The MAP_HASSEMAPHORE flag must have been specified when the region was created.
To acquire a lock a process calls:
.DS
.Fd mset 2 "acquire and set a semaphore
value = mset(sem, wait);
result int value; semaphore *sem; int wait;
.DE
.Fn Mset
indivisibly tests and sets the semaphore \fIsem\fP.
If the previous value is zero, the process has acquired the lock and
.Fn mset
returns true immediately.
Otherwise, if the \fIwait\fP flag is zero,
failure is returned.
If \fIwait\fP is true and the previous value is non-zero,
.Fn mset
relinquishes the processor until notified that it should retry.
.LP
To release a lock a process calls:
.DS
.Fd mclear 2 "release a semaphore and awaken waiting processes
mclear(sem);
semaphore *sem;
.DE
.Fn Mclear
indivisibly tests and clears the semaphore \fIsem\fP.
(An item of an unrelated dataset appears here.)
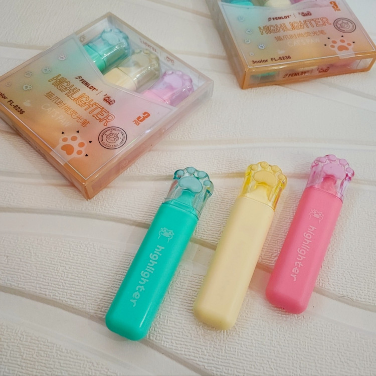 هایلایتر جعبه دار پاستلی سه تایی طرح پنجه گربه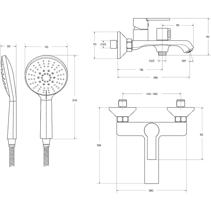 Смеситель для ванны BelBagno Aurora AURORA-VASM-CRM Хром

If the ``WANT'' flag is zero in the previous value,
.Fn mclear
returns immediately.
If the ``WANT'' flag is non-zero in the previous value,
.Fn mclear
arranges for waiting processes to retry before returning.
.PP
Two routines provide services analogous to the kernel
.Fn sleep
and
.Fn wakeup
functions interpreted in the domain of shared memory.
A process may relinquish the processor by calling
.Fn msleep
with a set semaphore:
.DS
.Fd msleep 1 "wait for a semaphore
msleep(sem);
semaphore *sem;
.DE
If the semaphore is still set when it is checked by the kernel,
the process will be put in a sleeping state
until some other process issues an
.Fn mwakeup
for the same semaphore within the region using the call:
.DS
.Fd mwakeup 1 "awaken process(es) sleeping on a semaphore
mwakeup(sem);
semaphore *sem;
.DE
An
.Fn mwakeup
may awaken all sleepers on the semaphore,
or may awaken only the next sleeper on a queue.